#### [WORK INSTRUCTION]
Give back the entries that follow exactly as written. Any picture gets left out.

(Records contained in a dataset)
· · · · · · ·

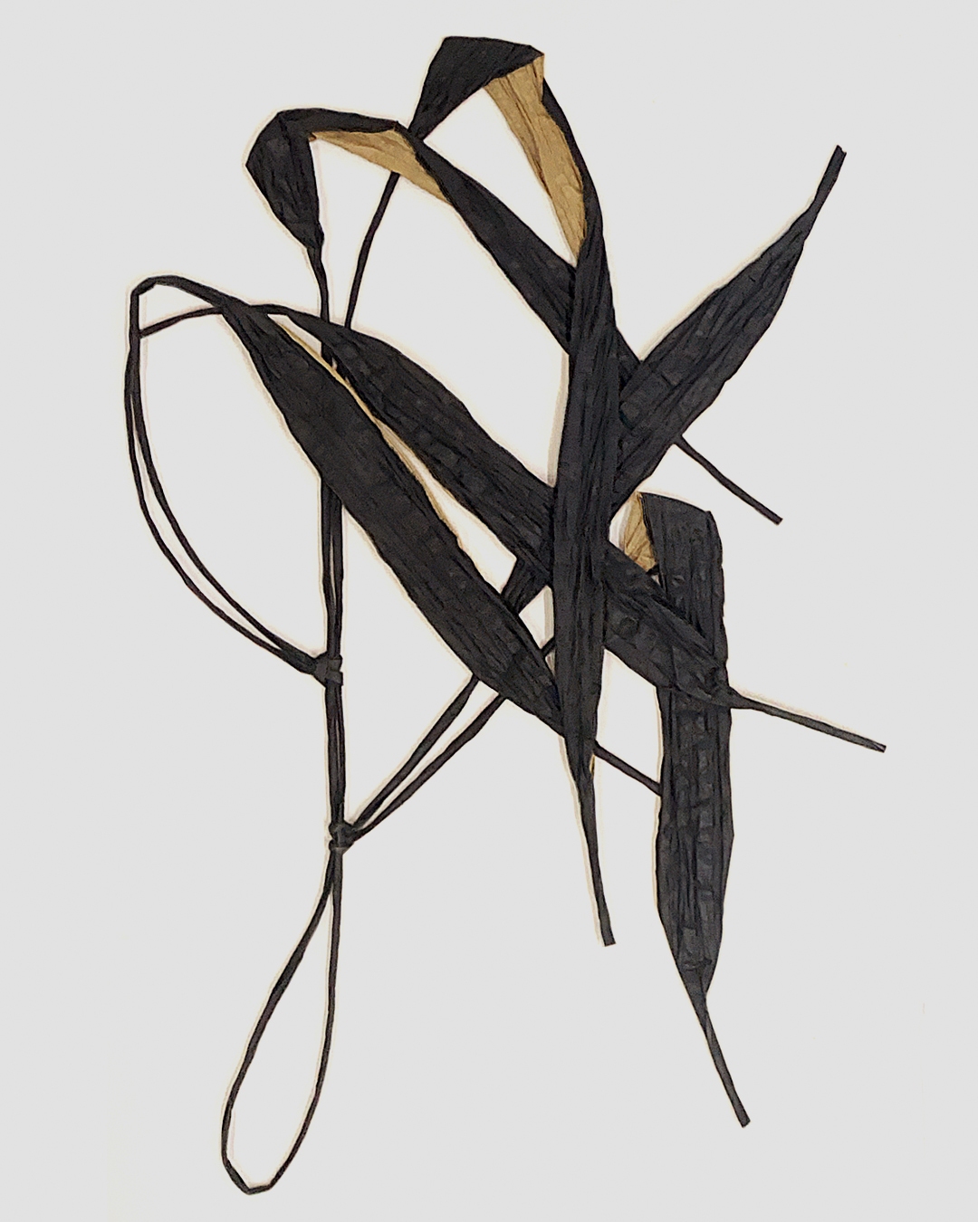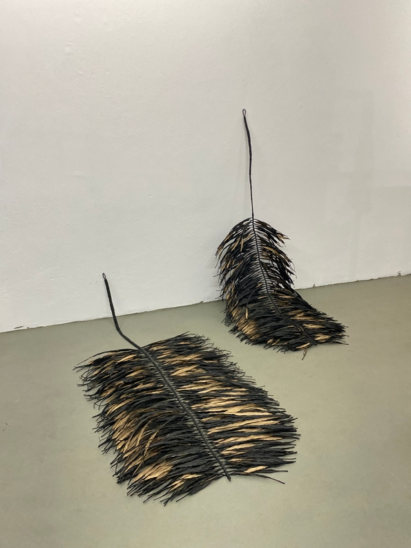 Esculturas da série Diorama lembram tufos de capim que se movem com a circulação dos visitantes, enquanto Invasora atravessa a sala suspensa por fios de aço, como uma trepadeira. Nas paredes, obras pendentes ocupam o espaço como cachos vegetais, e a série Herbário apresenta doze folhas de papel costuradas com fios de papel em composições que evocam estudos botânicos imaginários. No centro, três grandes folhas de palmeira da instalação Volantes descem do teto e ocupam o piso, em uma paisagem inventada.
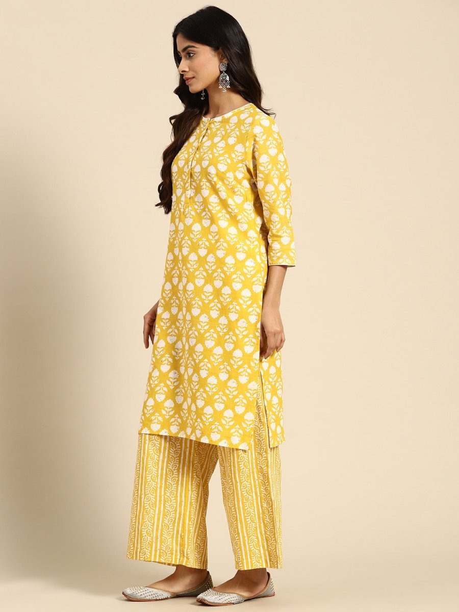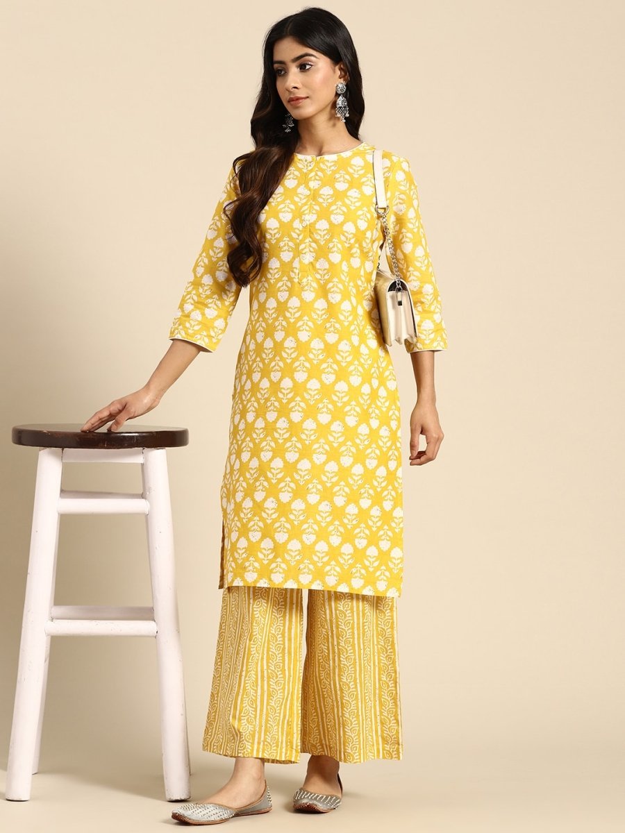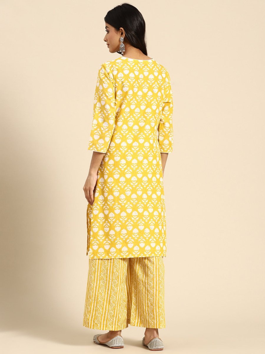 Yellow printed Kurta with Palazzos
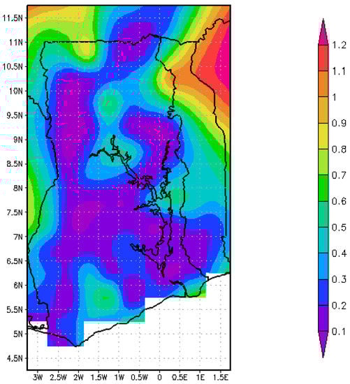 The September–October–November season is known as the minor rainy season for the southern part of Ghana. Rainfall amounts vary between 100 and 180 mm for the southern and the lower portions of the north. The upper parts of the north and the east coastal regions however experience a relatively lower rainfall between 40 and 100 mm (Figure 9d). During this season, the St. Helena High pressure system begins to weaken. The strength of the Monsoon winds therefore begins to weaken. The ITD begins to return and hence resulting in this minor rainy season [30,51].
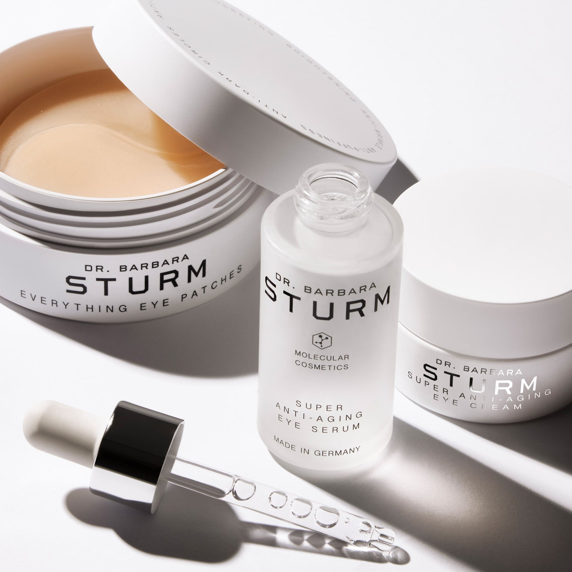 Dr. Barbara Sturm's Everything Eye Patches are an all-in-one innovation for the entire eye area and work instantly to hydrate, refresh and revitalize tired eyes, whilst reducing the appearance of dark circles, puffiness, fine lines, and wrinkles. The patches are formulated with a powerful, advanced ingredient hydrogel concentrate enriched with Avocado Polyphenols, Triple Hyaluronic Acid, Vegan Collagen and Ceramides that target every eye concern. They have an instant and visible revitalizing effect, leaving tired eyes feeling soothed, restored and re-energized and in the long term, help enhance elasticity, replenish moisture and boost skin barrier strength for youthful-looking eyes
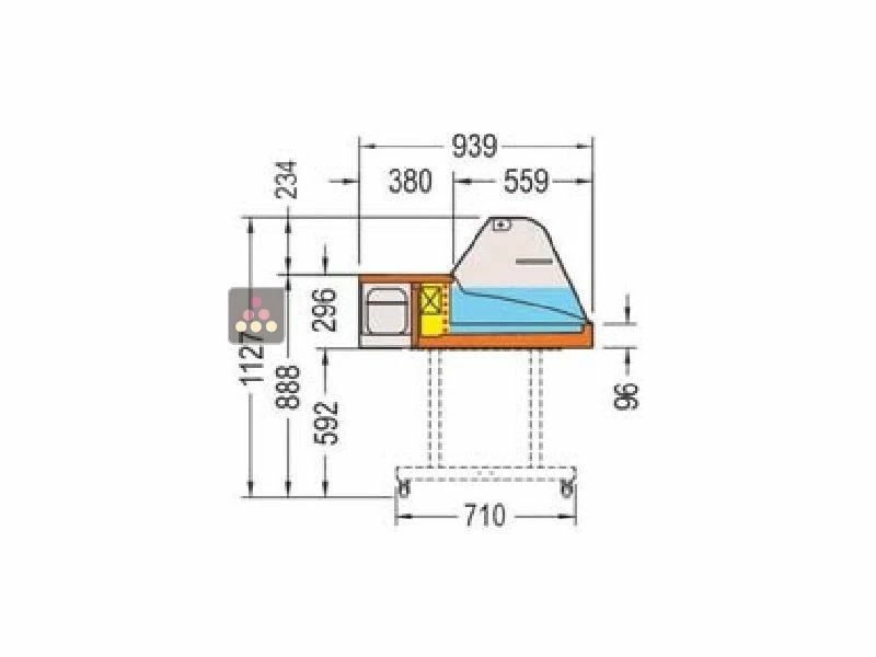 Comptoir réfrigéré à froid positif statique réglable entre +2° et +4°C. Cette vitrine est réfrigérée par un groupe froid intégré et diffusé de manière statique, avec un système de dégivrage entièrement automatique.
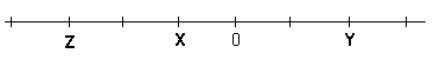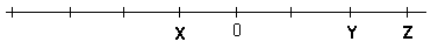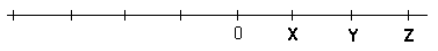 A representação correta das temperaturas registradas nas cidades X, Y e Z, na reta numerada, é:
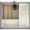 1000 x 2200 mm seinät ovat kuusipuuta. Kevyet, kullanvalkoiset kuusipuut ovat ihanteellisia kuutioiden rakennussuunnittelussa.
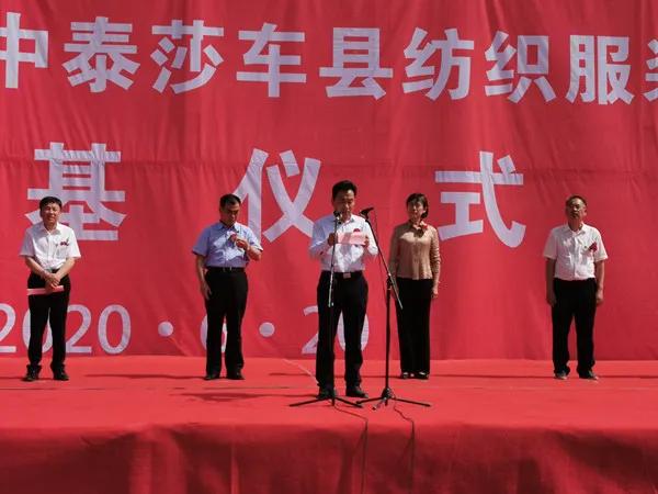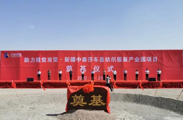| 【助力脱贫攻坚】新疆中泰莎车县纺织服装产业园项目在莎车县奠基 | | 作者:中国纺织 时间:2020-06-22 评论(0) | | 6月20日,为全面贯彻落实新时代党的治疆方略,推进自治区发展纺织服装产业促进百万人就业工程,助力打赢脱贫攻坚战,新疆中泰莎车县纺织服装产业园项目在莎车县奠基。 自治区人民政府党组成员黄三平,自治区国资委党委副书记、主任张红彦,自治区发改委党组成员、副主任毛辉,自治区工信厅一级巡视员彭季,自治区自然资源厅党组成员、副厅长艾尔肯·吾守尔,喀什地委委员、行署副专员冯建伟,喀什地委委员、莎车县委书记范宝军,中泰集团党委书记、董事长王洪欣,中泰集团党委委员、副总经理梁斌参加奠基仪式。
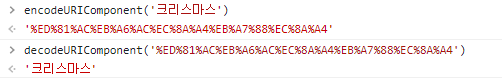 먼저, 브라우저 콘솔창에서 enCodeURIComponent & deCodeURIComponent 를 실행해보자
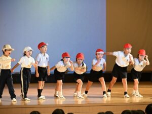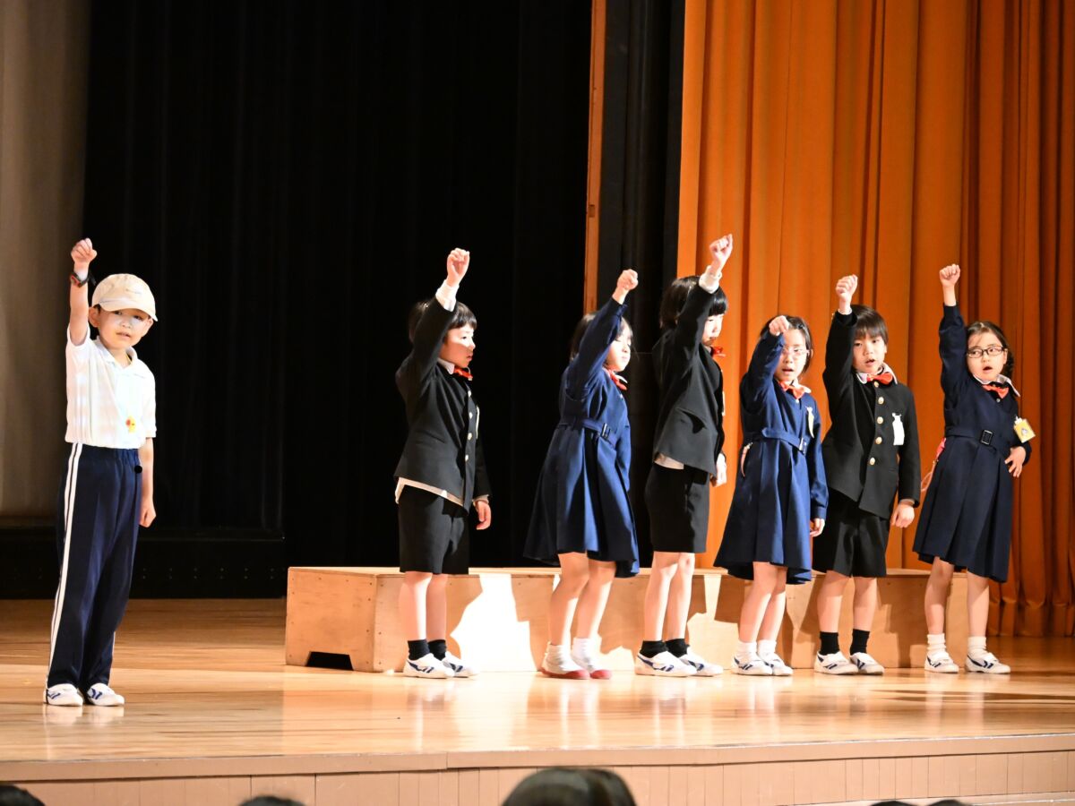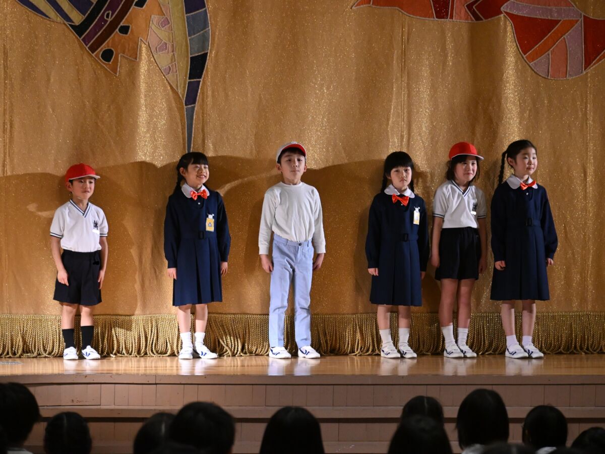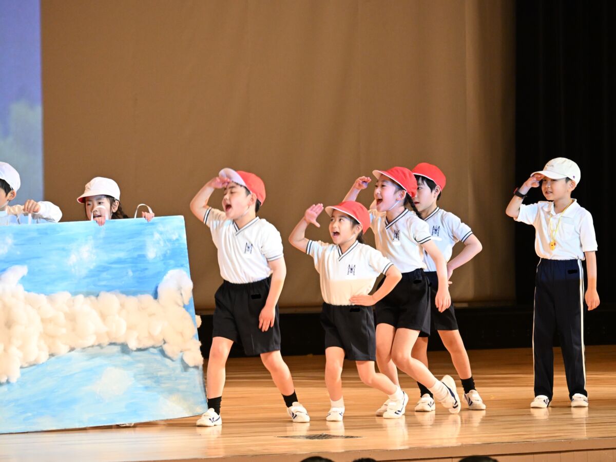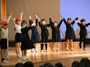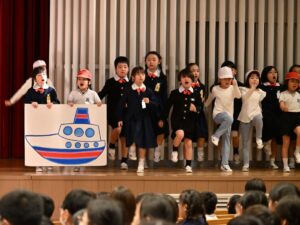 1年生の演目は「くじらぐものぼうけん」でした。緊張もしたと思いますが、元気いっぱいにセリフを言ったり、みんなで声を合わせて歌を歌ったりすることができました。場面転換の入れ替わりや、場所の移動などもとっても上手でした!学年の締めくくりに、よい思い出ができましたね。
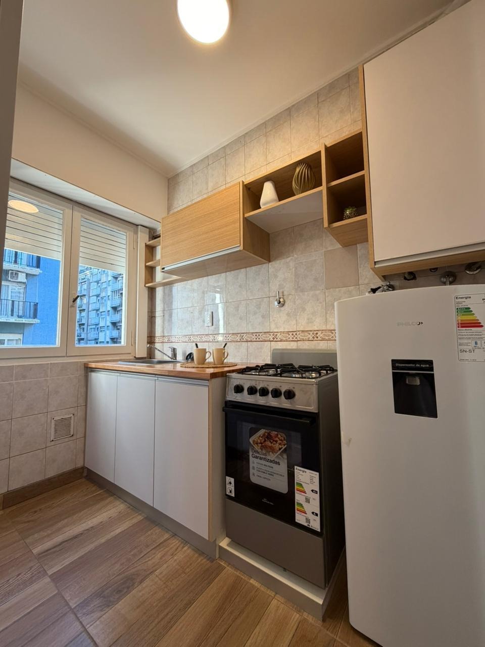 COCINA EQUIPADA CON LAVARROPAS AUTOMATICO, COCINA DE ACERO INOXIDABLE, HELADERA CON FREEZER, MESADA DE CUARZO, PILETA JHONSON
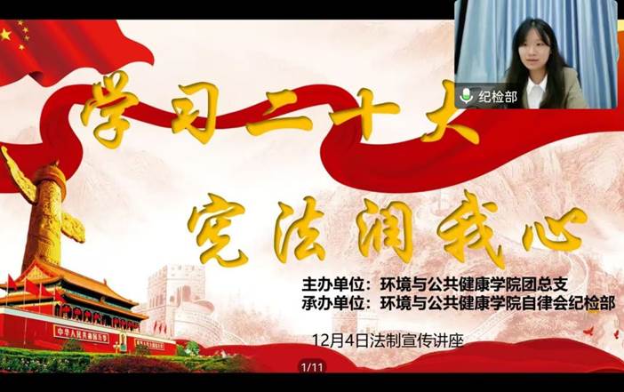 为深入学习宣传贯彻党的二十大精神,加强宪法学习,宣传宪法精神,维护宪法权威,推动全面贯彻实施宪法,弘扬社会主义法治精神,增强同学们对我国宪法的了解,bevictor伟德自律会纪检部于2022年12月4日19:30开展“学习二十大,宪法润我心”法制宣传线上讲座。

· · · · · · ·

#### [ANSWER FOR THIS EXERCISE]
 Esculturas da série Diorama lembram tufos de capim que se movem com a circulação dos visitantes, enquanto Invasora atravessa a sala suspensa por fios de aço, como uma trepadeira. Nas paredes, obras pendentes ocupam o espaço como cachos vegetais, e a série Herbário apresenta doze folhas de papel costuradas com fios de papel em composições que evocam estudos botânicos imaginários. No centro, três grandes folhas de palmeira da instalação Volantes descem do teto e ocupam o piso, em uma paisagem inventada.
 Yellow printed Kurta with Palazzos
 The September–October–November season is known as the minor rainy season for the southern part of Ghana. Rainfall amounts vary between 100 and 180 mm for the southern and the lower portions of the north. The upper parts of the north and the east coastal regions however experience a relatively lower rainfall between 40 and 100 mm (Figure 9d). During this season, the St. Helena High pressure system begins to weaken. The strength of the Monsoon winds therefore begins to weaken. The ITD begins to return and hence resulting in this minor rainy season [30,51].
 Dr. Barbara Sturm's Everything Eye Patches are an all-in-one innovation for the entire eye area and work instantly to hydrate, refresh and revitalize tired eyes, whilst reducing the appearance of dark circles, puffiness, fine lines, and wrinkles. The patches are formulated with a powerful, advanced ingredient hydrogel concentrate enriched with Avocado Polyphenols, Triple Hyaluronic Acid, Vegan Collagen and Ceramides that target every eye concern. They have an instant and visible revitalizing effect, leaving tired eyes feeling soothed, restored and re-energized and in the long term, help enhance elasticity, replenish moisture and boost skin barrier strength for youthful-looking eyes
 Comptoir réfrigéré à froid positif statique réglable entre +2° et +4°C. Cette vitrine est réfrigérée par un groupe froid intégré et diffusé de manière statique, avec un système de dégivrage entièrement automatique.
 A representação correta das temperaturas registradas nas cidades X, Y e Z, na reta numerada, é:
 1000 x 2200 mm seinät ovat kuusipuuta. Kevyet, kullanvalkoiset kuusipuut ovat ihanteellisia kuutioiden rakennussuunnittelussa.
| 【助力脱贫攻坚】新疆中泰莎车县纺织服装产业园项目在莎车县奠基 | | 作者:中国纺织 时间:2020-06-22 评论(0) | | 6月20日,为全面贯彻落实新时代党的治疆方略,推进自治区发展纺织服装产业促进百万人就业工程,助力打赢脱贫攻坚战,新疆中泰莎车县纺织服装产业园项目在莎车县奠基。 自治区人民政府党组成员黄三平,自治区国资委党委副书记、主任张红彦,自治区发改委党组成员、副主任毛辉,自治区工信厅一级巡视员彭季,自治区自然资源厅党组成员、副厅长艾尔肯·吾守尔,喀什地委委员、行署副专员冯建伟,喀什地委委员、莎车县委书记范宝军,中泰集团党委书记、董事长王洪欣,中泰集团党委委员、副总经理梁斌参加奠基仪式。
 먼저, 브라우저 콘솔창에서 enCodeURIComponent & deCodeURIComponent 를 실행해보자
 1年生の演目は「くじらぐものぼうけん」でした。緊張もしたと思いますが、元気いっぱいにセリフを言ったり、みんなで声を合わせて歌を歌ったりすることができました。場面転換の入れ替わりや、場所の移動などもとっても上手でした!学年の締めくくりに、よい思い出ができましたね。
 COCINA EQUIPADA CON LAVARROPAS AUTOMATICO, COCINA DE ACERO INOXIDABLE, HELADERA CON FREEZER, MESADA DE CUARZO, PILETA JHONSON
 为深入学习宣传贯彻党的二十大精神,加强宪法学习,宣传宪法精神,维护宪法权威,推动全面贯彻实施宪法,弘扬社会主义法治精神,增强同学们对我国宪法的了解,bevictor伟德自律会纪检部于2022年12月4日19:30开展“学习二十大,宪法润我心”法制宣传线上讲座。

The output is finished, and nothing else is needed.